In response to a request from Republican lawmakers, Fulton became the first county in the state last month to have its handling of 2020 elections reviewed by an independent review board.
The controversial voting law passed by Republicans in the state this year includes a new provision giving the State Election Board the authority to temporarily replace election supervisors if they violate state election laws.
Raffensperger argues that Woolard’s advocacy for Fair Fight and ties to other progressive groups such as Planned Parenthood give him enough grounds to call for the removal of the entire Fulton election board.
Raffensperger’s powers were muted under Senate Bill 202, with the secretary of state no longer holding the chair of the state board.
Raffensperger said Wednesday that he would continue to publicly denounce Fulton leaders’ selection of Woolard, suggesting that the job should be nonpartisan. Georgia counties typically allow the two major parties to nominate local election board members.
While Raffensperger’s office has repeatedly dismissed claims of widespread fraud in last year’s presidential election, he has also been an outspoken critic of Fulton’s handling of elections for problems that date back to the 1990s.
Commission member Liz Hausman, a north Fulton Republican, noted the unrealistic expectations for the chair of a board where each political party selects its own two members. However, having Woolard in place may not be the best move for Fulton with the threat of a takeover or the possibility of engaging in litigation over the new election law, she said.
“The chairman is technically supposed to be a nonpartisan position,” Hausmann said. “In today’s environment and probably since the beginning of time, that’s almost impossible to achieve.

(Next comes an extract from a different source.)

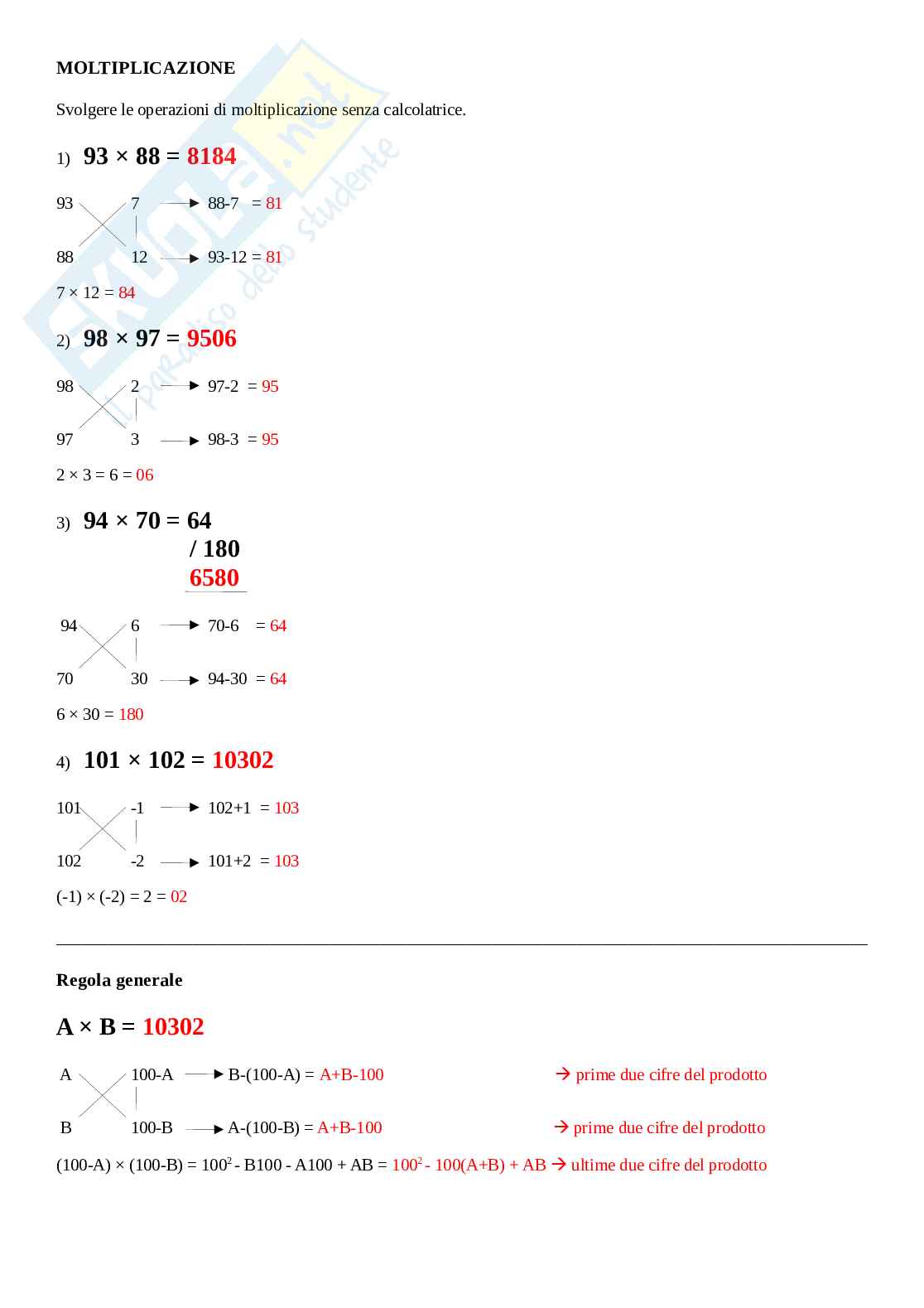 Ci sono tanti modi per fare questo compito; in particolare, questa regola permette di eseguire la moltiplicazione effettuando solo le operazioni di addizione e sottrazione.

“However, I think we should strive to not have an activist in that position,” she said. “This will bring more unwanted, unneeded attention to the board of elections at a time when I think our focus should be rebuilding, reorganizing and trying to turn that ship around in a positive way.”
Commissioner Lee Morris said as a Republican who worked closely with Woolard on the city council, he considers her a good choice to head the election board. He said he didn’t know about her lobbying efforts, but felt satisfied with her explanation of how she would perform in her new role.
“I think she’s fair,” Morris said. “I think she’s a person of integrity. I think she’ll be independent so I will be supporting her.”